# Does PDC delivery make sense during the winter?



## 530i-2002 (Oct 8, 2007)

Picking my 135 mid-February, so assuming it takes 6 weeks or so to arrive, does it make sense to have it delivered to PDC in early April or end of March? Do they get much snow in SC?? Thanks.


----------



## dhstadt (Apr 14, 2008)

530i-2002 said:


> Picking my 135 mid-February, so assuming it takes 6 weeks or so to arrive, does it make sense to have it delivered to PDC in early April or end of March? Do they get much snow in SC?? Thanks.


With an average temp of 51 in March and 60 in April and an average annual snow fall of 2.8 inches I don't think snow will be much of a factor. There are hundreds of web sites with historical weather statistics.


----------



## The Other Tom (Sep 28, 2002)

530i-2002 said:


> Picking my 135 mid-February, so assuming it takes 6 weeks or so to arrive, does it make sense to have it delivered to PDC in early April or end of March? Do they get much snow in SC?? Thanks.

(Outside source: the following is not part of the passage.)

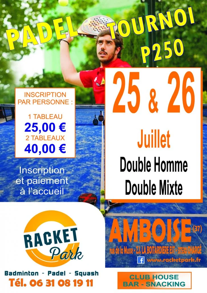 RACKET PARK vous propose les 25 et 26 juillet un P250 messieurs et mixte à Amboise. Les tournois reprennent partout en France et Racket Park a bien l’intention de poursuivre son développement.

I assume you're doing ED ?
March usually is ok, but it's the early spring and weather can be changeable. However, when it snows, it usually doesn't last for more that a day.
I wouldn't hesitate to do PCD in March or April.


----------



## IrvRobinson (May 10, 2006)

I wouldn't hesitate to do it anytime of the year since you're there to learn driving skills under any conditions and its NYC (not your car ).


----------



## need4speed (May 26, 2006)

We normally get one winter event between mid December and mid March. Much more likely to get a cold rain. By April you are more apt to need your AC than snow tires. April weather is much nicer so shoot for that, but the odds of snow after mid March are very very low. Good Luck. N4S


----------



## GeorgeT (Jun 22, 2007)

I did the PDC in late February a couple of years ago and the temps were in the high 50's by mid-afternoon and it was great. Not much snow at all in this area but when it does come, the population doesn't do well in it - it happens so infrequently, we just don't learn how to deal with it.


----------



## 530i-2002 (Oct 8, 2007)

Thanks all for the weather info. Can someone elaborate on the performance driving skills they have you working on at the center? I understand the class and actual track driving only takes a couple of hours... Thanks.


----------



## JimD1 (Jun 5, 2009)

You do three exercises. One is essentially a short, relatively low speed autocross. We did that first. They block off a portion of the Performance Center course and mark out what they want you to do with cones. Next we did an abs brake demonstration. You panic brake from 40, then 45, then 50. Again you have cones marking where your car is to be and the braking point. At the two higher speeds, you have to steer while braking. The last exercise is to demonstrate the stability control. We did it last. You go around a wet skidpad without the DSC and then with. Our instructors tried to get us to do 360s when the DSC was off. After lunch, you also got the opportunity for a hot lap. This is Donnie tossing a M3 around. Drifting corners, that kind of stuff. It was fun.

You also go from the Performance Center in a X5 over to the museum and manufacturing facility for a tour. On the way back for lunch, we drove over an obstacle course in the X5.

If you have the chance, you will enjoy it. It is not a lot of instruction, not like taking a course there.

Jim


----------



## willwin2day (Apr 4, 2006)

There are sevral reasons I live here in the South. No snow and a milder climate are two of them!

C'mon on down!

Donnie Isley


----------



## 530i-2002 (Oct 8, 2007)

JimD1 said:


> You do three exercises. One is essentially a short, relatively low speed autocross. We did that first. They block off a portion of the Performance Center course and mark out what they want you to do with cones. Next we did an abs brake demonstration. You panic brake from 40, then 45, then 50. Again you have cones marking where your car is to be and the braking point. At the two higher speeds, you have to steer while braking. The last exercise is to demonstrate the stability control. We did it last. You go around a wet skidpad without the DSC and then with. Our instructors tried to get us to do 360s when the DSC was off. After lunch, you also got the opportunity for a hot lap. This is Donnie tossing a M3 around. Drifting corners, that kind of stuff. It was fun.
> 
> Jim


Sounds great, thanks for the information!


----------



## bp100tenex (Dec 12, 2008)

Picked up a car there last January. Nasty cold rainy morning... which just means more sliding on the autocross. It was a lot of fun. Don't be afraid of the weather. We have not had any real snow that lasts in a few years.


----------